(DATA begins)

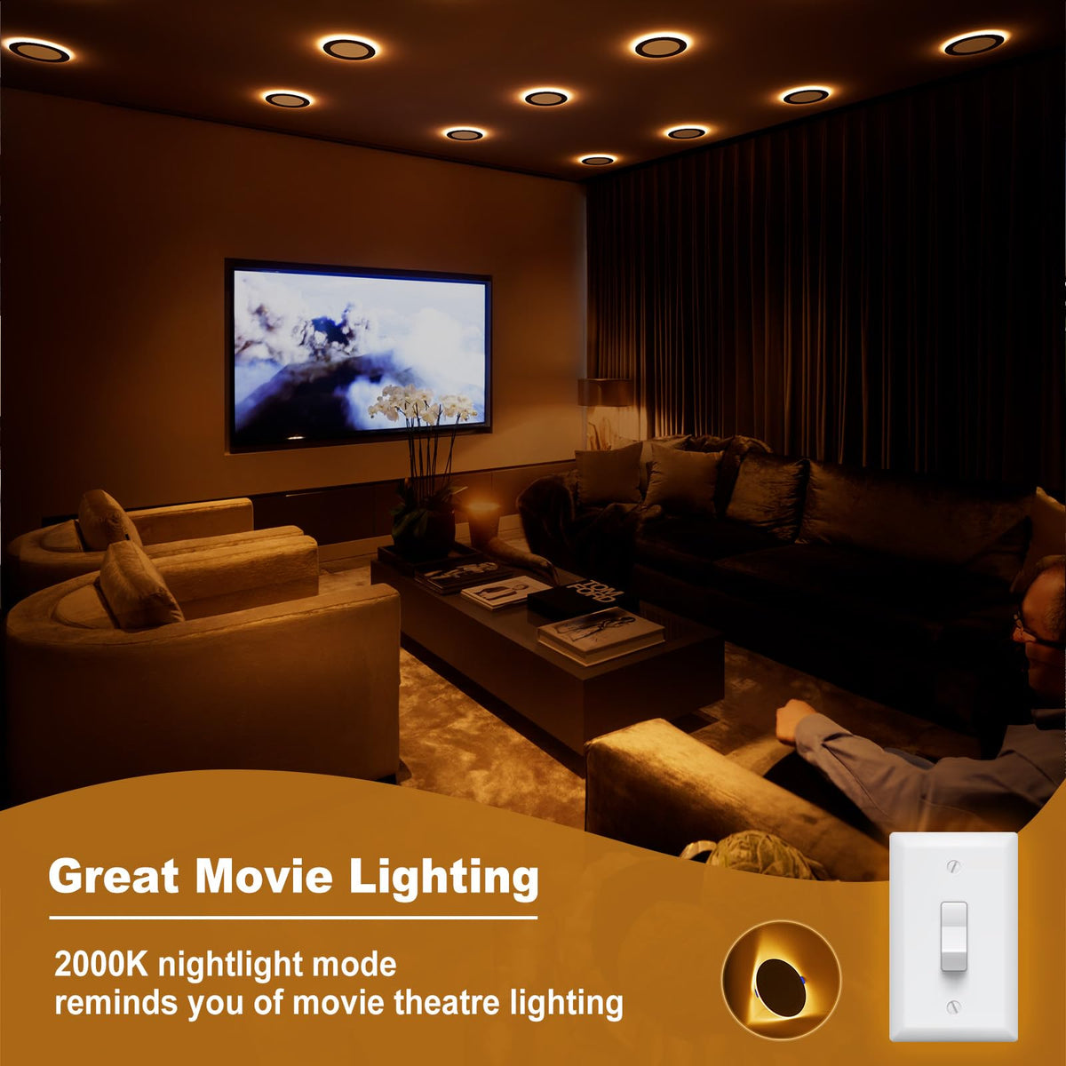 Q: What is the night light feature of the VOLISUN recessed light?A: The VOLISUN recessed light includes a night light feature that emits a soft amber glow at 2000K color temperature. This feature is activated by your wall switch or dimmer, providing added ambiance and visibility in dark areas.
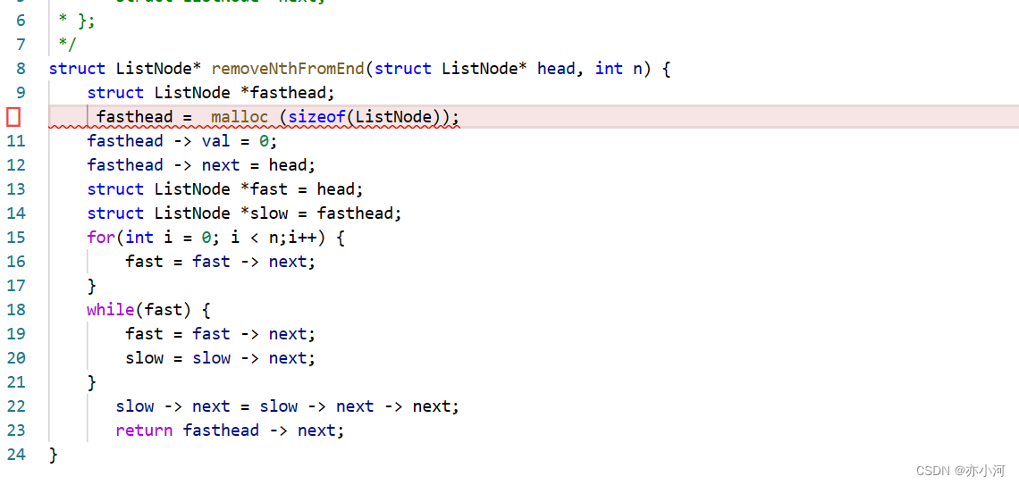 3.删除倒数第n个元素。即快慢指针相隔n个元素来计算删除倒数第n个元素,移动快指针n格
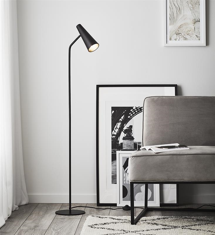 Peak gulvlampe H125 i metal sort, med afbryder på ledning, MAX 40W E14, Base 25 cm, dybde 22 cm, højde 125 cm.

(DATA ends)

WHAT IS REQUIRED
Excluding pictures, reproduce the listing above exactly as it stands.

RESPONSE TO THIS TASK
 Q: What is the night light feature of the VOLISUN recessed light?A: The VOLISUN recessed light includes a night light feature that emits a soft amber glow at 2000K color temperature. This feature is activated by your wall switch or dimmer, providing added ambiance and visibility in dark areas.
 3.删除倒数第n个元素。即快慢指针相隔n个元素来计算删除倒数第n个元素,移动快指针n格
 Peak gulvlampe H125 i metal sort, med afbryder på ledning, MAX 40W E14, Base 25 cm, dybde 22 cm, højde 125 cm.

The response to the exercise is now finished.